===== EXERCISE DATA =====

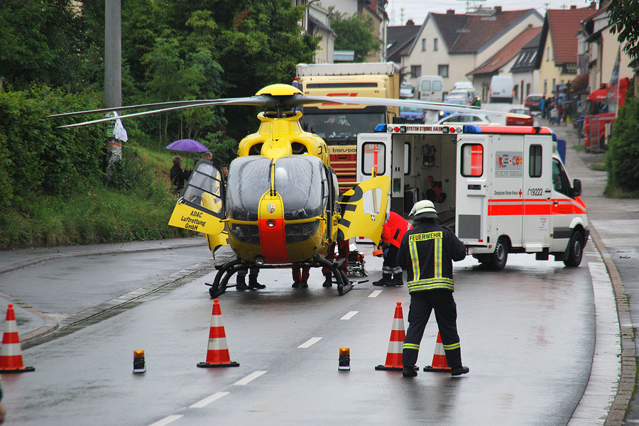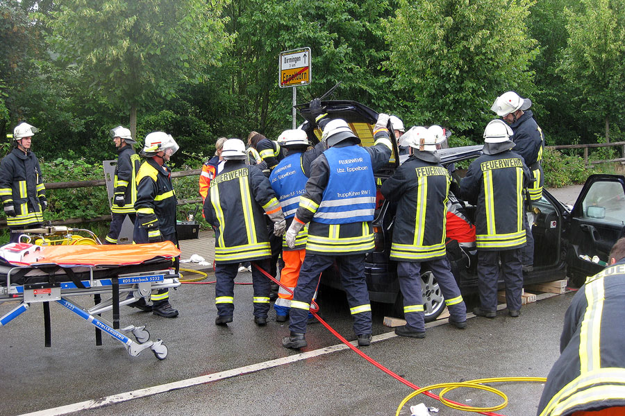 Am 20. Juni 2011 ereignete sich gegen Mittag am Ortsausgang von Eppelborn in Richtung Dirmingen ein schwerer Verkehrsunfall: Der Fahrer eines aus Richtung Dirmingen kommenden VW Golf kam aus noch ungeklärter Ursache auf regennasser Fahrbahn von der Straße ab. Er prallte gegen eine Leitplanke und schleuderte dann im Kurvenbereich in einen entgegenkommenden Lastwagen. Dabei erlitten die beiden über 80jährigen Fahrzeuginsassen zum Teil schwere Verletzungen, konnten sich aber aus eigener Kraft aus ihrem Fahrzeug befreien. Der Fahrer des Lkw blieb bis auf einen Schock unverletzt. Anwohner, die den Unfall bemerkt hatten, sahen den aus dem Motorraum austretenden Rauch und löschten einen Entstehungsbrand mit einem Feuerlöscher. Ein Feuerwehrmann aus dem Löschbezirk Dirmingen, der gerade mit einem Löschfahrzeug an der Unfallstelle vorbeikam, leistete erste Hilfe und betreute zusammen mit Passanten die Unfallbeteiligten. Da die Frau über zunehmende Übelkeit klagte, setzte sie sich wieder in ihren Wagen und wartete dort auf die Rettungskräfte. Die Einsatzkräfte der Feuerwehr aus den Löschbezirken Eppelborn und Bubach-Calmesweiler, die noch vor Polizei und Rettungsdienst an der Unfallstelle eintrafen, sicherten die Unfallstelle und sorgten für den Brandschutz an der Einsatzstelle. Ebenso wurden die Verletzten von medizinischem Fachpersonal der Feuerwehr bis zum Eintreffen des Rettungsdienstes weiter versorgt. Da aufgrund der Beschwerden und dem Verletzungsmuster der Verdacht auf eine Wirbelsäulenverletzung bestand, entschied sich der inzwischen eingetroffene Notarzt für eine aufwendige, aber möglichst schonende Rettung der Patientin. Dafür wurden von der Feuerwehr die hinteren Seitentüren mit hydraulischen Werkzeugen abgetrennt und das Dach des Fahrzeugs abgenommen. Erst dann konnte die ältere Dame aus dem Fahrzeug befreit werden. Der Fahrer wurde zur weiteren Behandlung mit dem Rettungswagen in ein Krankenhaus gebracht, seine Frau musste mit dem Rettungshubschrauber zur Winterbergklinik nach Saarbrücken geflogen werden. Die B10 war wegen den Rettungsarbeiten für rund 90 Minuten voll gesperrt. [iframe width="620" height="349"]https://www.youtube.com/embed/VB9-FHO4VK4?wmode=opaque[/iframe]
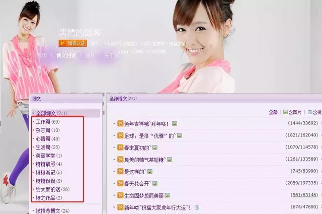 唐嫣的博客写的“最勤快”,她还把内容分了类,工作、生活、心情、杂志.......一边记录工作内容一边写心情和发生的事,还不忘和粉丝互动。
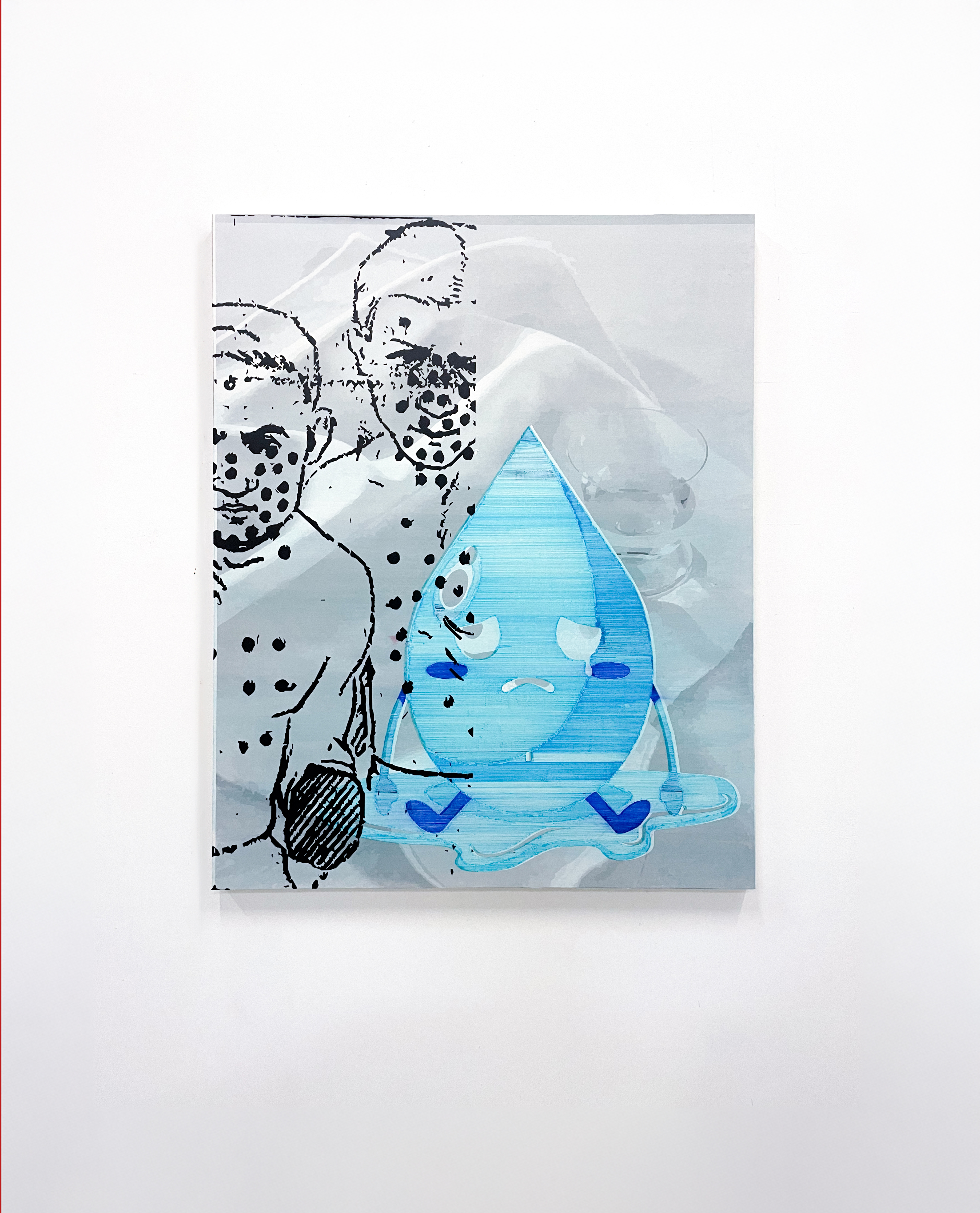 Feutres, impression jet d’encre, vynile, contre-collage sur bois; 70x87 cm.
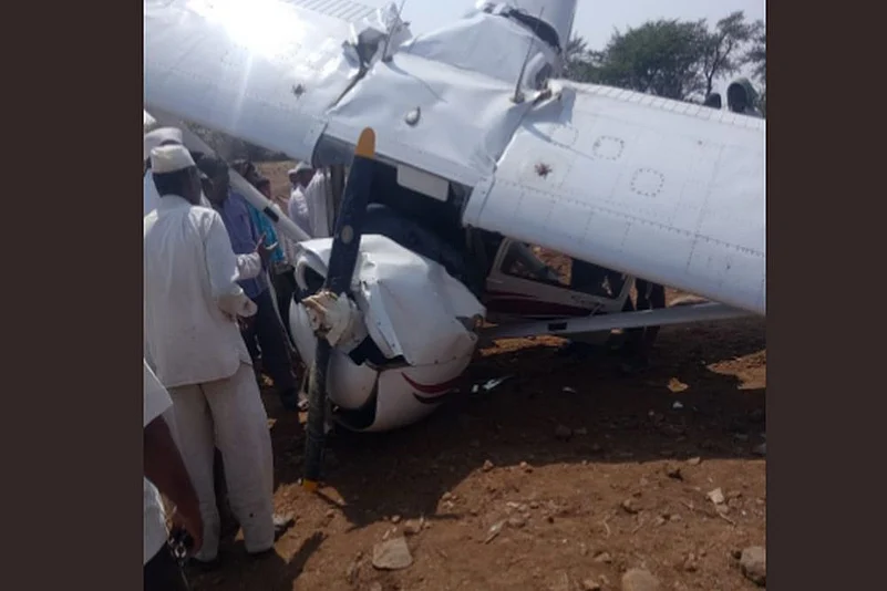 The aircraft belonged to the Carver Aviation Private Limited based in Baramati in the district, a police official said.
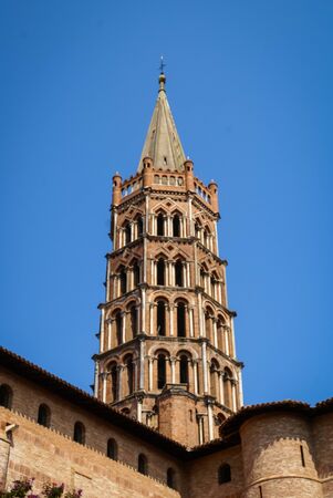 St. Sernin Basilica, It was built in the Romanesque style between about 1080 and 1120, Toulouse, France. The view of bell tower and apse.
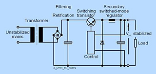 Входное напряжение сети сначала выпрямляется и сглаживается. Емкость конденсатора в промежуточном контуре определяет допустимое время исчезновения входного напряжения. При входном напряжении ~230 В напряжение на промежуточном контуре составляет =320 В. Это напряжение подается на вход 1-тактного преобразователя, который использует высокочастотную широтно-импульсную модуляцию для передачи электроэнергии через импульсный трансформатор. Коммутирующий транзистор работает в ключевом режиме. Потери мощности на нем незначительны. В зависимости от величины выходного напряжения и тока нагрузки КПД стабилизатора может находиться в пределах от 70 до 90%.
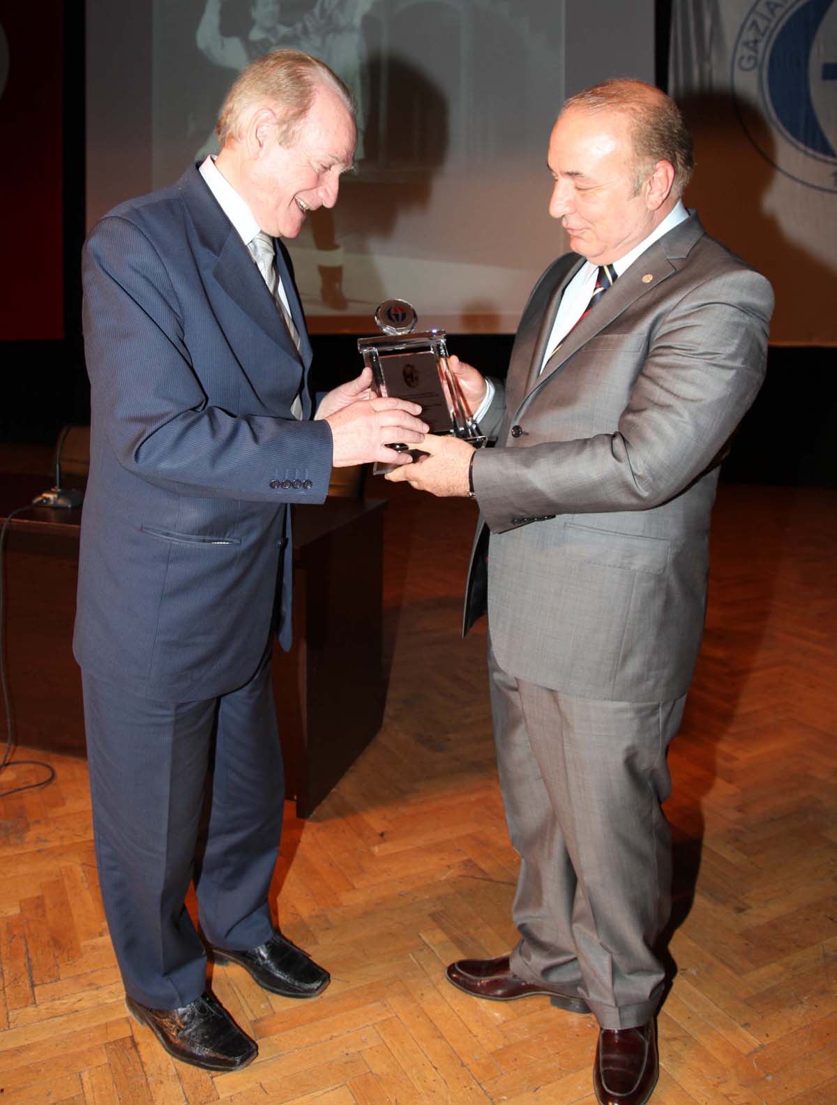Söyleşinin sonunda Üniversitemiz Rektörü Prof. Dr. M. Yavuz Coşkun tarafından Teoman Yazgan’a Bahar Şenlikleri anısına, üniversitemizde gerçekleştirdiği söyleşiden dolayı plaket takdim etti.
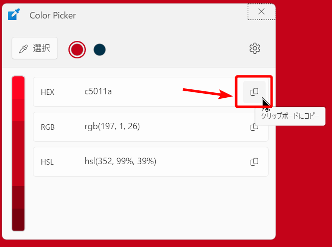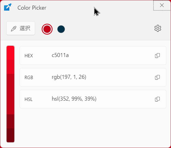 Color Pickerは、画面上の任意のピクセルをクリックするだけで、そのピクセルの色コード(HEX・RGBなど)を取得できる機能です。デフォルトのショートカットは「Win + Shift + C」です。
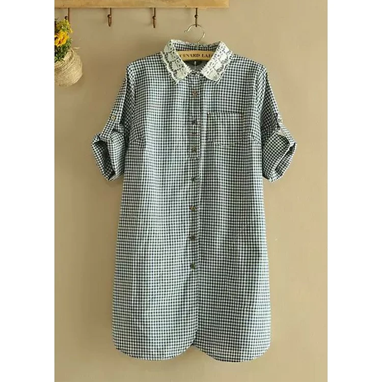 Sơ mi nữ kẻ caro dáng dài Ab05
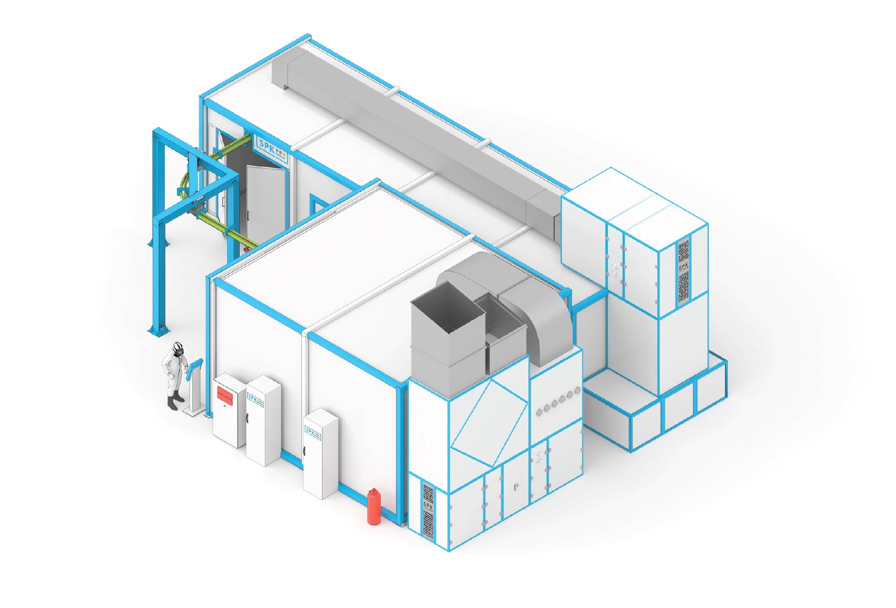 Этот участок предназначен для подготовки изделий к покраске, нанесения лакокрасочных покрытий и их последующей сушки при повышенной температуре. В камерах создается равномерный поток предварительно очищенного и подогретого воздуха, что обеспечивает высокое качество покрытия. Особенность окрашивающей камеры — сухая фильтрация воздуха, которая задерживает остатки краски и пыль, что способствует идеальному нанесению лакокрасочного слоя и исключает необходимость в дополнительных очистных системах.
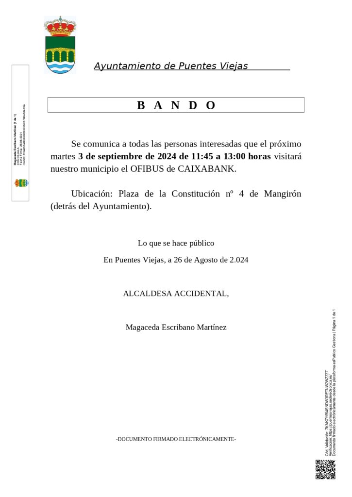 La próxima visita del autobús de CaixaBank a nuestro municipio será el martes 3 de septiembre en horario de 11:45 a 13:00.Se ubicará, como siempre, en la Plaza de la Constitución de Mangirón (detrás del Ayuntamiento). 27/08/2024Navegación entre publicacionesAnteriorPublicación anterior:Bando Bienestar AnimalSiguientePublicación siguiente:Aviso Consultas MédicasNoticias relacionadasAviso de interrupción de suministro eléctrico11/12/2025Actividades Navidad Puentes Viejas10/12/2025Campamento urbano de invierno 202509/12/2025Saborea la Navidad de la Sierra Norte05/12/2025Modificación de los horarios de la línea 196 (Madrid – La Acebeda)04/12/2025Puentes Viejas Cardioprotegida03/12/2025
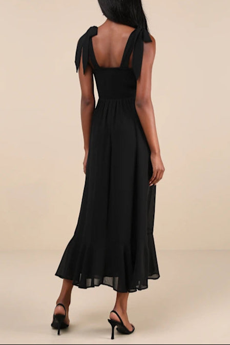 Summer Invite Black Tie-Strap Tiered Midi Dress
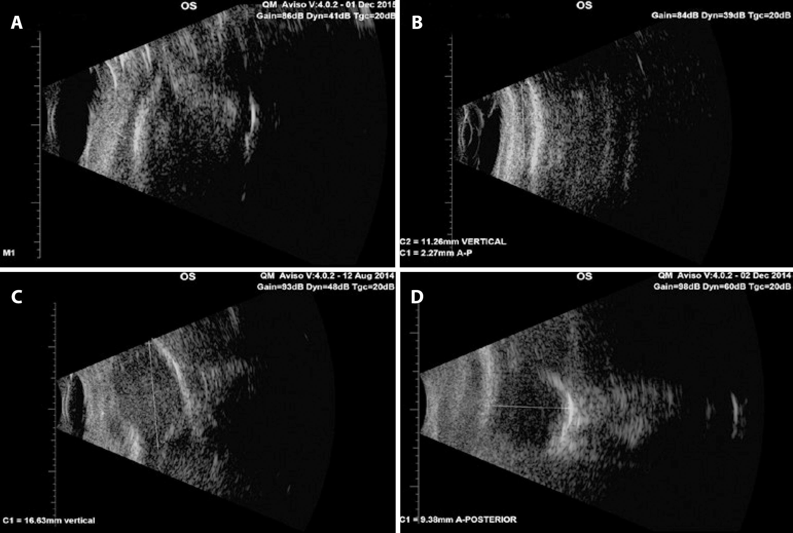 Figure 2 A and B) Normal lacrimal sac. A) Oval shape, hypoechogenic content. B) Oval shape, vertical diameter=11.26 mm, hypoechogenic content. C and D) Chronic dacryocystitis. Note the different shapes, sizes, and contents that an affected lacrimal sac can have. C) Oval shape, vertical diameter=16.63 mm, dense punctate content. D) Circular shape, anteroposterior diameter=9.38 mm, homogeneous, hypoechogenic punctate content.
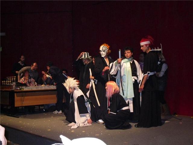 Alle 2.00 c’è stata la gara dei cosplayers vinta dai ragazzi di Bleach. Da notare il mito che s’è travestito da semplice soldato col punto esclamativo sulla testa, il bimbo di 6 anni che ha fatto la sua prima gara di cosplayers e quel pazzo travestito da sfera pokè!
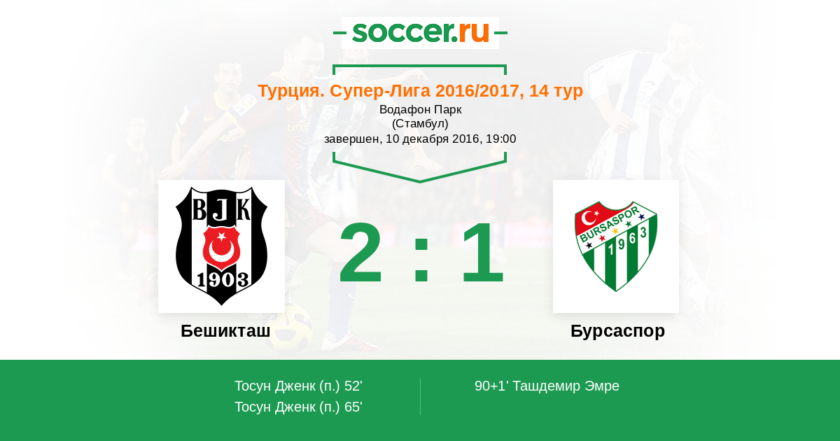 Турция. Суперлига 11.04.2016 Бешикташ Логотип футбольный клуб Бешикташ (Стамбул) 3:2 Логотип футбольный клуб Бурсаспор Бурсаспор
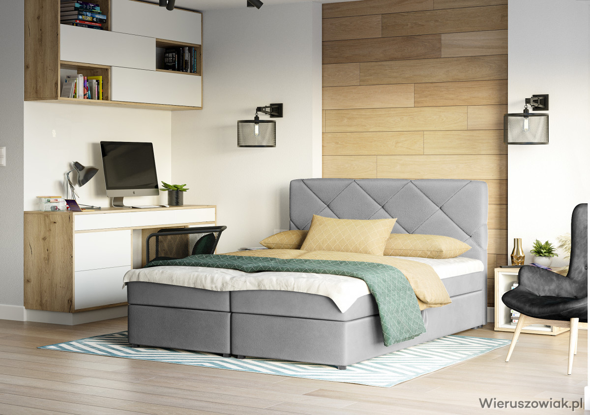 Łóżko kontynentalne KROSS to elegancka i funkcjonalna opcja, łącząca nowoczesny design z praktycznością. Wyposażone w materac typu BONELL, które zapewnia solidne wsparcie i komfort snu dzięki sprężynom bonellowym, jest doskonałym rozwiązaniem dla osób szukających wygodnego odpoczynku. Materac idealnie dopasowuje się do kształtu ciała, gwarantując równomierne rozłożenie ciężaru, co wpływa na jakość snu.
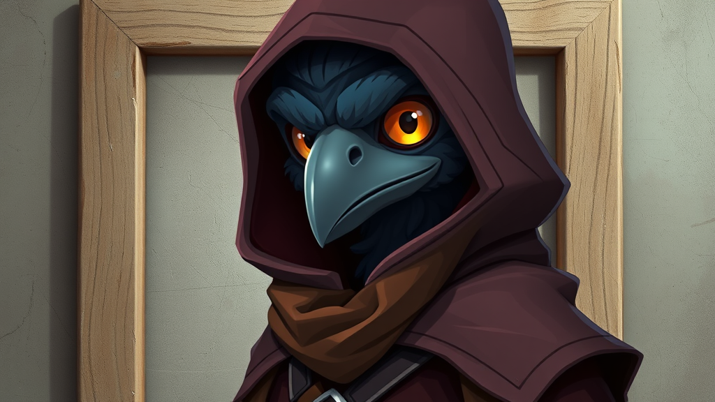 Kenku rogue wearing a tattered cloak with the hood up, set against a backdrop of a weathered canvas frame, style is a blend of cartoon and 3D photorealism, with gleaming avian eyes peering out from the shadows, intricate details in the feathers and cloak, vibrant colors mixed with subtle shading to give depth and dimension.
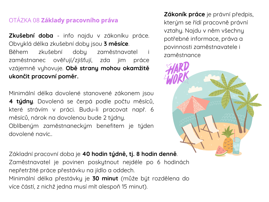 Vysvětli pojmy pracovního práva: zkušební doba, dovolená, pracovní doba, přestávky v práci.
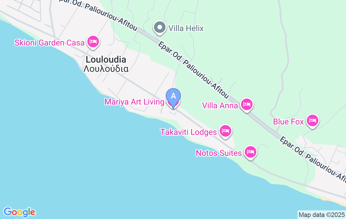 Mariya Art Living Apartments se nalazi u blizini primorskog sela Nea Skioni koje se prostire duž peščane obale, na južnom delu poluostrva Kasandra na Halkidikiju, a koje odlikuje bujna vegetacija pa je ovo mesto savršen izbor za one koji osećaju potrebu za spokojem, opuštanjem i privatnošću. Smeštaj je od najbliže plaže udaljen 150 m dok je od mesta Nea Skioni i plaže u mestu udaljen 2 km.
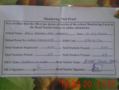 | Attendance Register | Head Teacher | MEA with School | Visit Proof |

=====

- WORK ITEM -
Beginning with the line that contains "Figure 2 A and" and ending with the line that contains "Łóżko kontynentalne KROSS", reproduce the listing exactly, pictures excluded.

- WRITTEN REPLY -
 Figure 2 A and B) Normal lacrimal sac. A) Oval shape, hypoechogenic content. B) Oval shape, vertical diameter=11.26 mm, hypoechogenic content. C and D) Chronic dacryocystitis. Note the different shapes, sizes, and contents that an affected lacrimal sac can have. C) Oval shape, vertical diameter=16.63 mm, dense punctate content. D) Circular shape, anteroposterior diameter=9.38 mm, homogeneous, hypoechogenic punctate content.
 Alle 2.00 c’è stata la gara dei cosplayers vinta dai ragazzi di Bleach. Da notare il mito che s’è travestito da semplice soldato col punto esclamativo sulla testa, il bimbo di 6 anni che ha fatto la sua prima gara di cosplayers e quel pazzo travestito da sfera pokè!
 Турция. Суперлига 11.04.2016 Бешикташ Логотип футбольный клуб Бешикташ (Стамбул) 3:2 Логотип футбольный клуб Бурсаспор Бурсаспор
 Łóżko kontynentalne KROSS to elegancka i funkcjonalna opcja, łącząca nowoczesny design z praktycznością. Wyposażone w materac typu BONELL, które zapewnia solidne wsparcie i komfort snu dzięki sprężynom bonellowym, jest doskonałym rozwiązaniem dla osób szukających wygodnego odpoczynku. Materac idealnie dopasowuje się do kształtu ciała, gwarantując równomierne rozłożenie ciężaru, co wpływa na jakość snu.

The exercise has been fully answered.